Still, the SPX rose an average of 1% during recession periods since World War II. This could be because investors anticipate the start and end of recessions, causing the stock market to top out before the economy shrinks and to hit bottom before the recession ends. In other words, bear markets don’t perfectly correlate with recessions.
Bear markets associated with recessions since World War II saw the SPX lose between 7% and 57% of its value.
While the NBER recognizes recessions an average of eight months into the recession, the S&P 500 anticipated these recessions by an average of seven months, Stovall says. The shortest recession lasted three months and the longest 22 months.
Signs that the stock market might be in danger of going bear include:
- The start of a Federal Reserve cycle of raising interest rates.

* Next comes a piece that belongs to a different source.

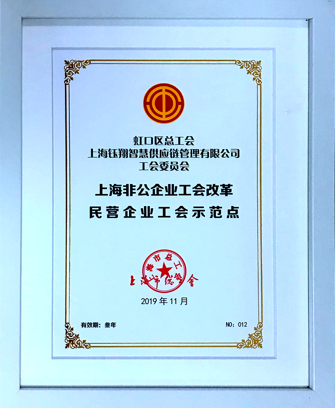 12月24日,上海市總工會召開上海推進(jìn)非公企業(yè)工會改革工作現(xiàn)場會,上海市一批“小二級”工會示范點、民營企業(yè)工會示范點作為推廣先鋒隊在會上受到了表彰,上海鈺翔智慧供應(yīng)鏈管理有限公司工會被授予“上海非公企業(yè)工會改革民營企業(yè)工會示范點”。

- A flattening yield curve.
- Geopolitical tensions.
- Possible recession.
Stovall says since 1945, the combination of these four factors is what typically led to bear markets.
The bottom line
Markets experience extended cycles where prices are generally rising or falling. Savvy investors pay close attention to bull versus bear market cycles to avoid buying stocks when they’re overpriced or selling when they’re undervalued.
Bear markets, like bull markets, require investors to check their emotions. Things may feel very bad when your portfolio drops month after month, and it takes resilience and discipline to see that as a buying opportunity. But if your research shows that a stock or sector is getting punished despite positive fundamentals, it could be time to add to your stake.